* What you have to do *
An acceptable response holds only the line containing "Iron on Hot" and every line after it to the end of the records, each reproduced exactly.

Data provided Start Marker

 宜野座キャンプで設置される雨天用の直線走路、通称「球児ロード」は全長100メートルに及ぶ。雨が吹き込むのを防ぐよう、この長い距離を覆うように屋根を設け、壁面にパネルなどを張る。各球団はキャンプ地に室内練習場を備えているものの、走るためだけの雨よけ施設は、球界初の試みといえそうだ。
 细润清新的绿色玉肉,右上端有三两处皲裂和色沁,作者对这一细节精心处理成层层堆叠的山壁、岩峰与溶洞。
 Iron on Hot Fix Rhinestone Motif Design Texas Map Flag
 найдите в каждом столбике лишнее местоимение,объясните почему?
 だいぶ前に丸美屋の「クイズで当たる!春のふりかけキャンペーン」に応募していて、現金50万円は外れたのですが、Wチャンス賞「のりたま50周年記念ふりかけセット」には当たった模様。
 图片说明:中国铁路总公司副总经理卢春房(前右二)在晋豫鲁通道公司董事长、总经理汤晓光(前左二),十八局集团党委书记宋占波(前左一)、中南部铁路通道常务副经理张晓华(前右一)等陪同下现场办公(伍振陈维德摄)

Data provided End Marker

* Output of the exercise *
 Iron on Hot Fix Rhinestone Motif Design Texas Map Flag
 найдите в каждом столбике лишнее местоимение,объясните почему?
 だいぶ前に丸美屋の「クイズで当たる!春のふりかけキャンペーン」に応募していて、現金50万円は外れたのですが、Wチャンス賞「のりたま50周年記念ふりかけセット」には当たった模様。
 图片说明:中国铁路总公司副总经理卢春房(前右二)在晋豫鲁通道公司董事长、总经理汤晓光(前左二),十八局集团党委书记宋占波(前左一)、中南部铁路通道常务副经理张晓华(前右一)等陪同下现场办公(伍振陈维德摄)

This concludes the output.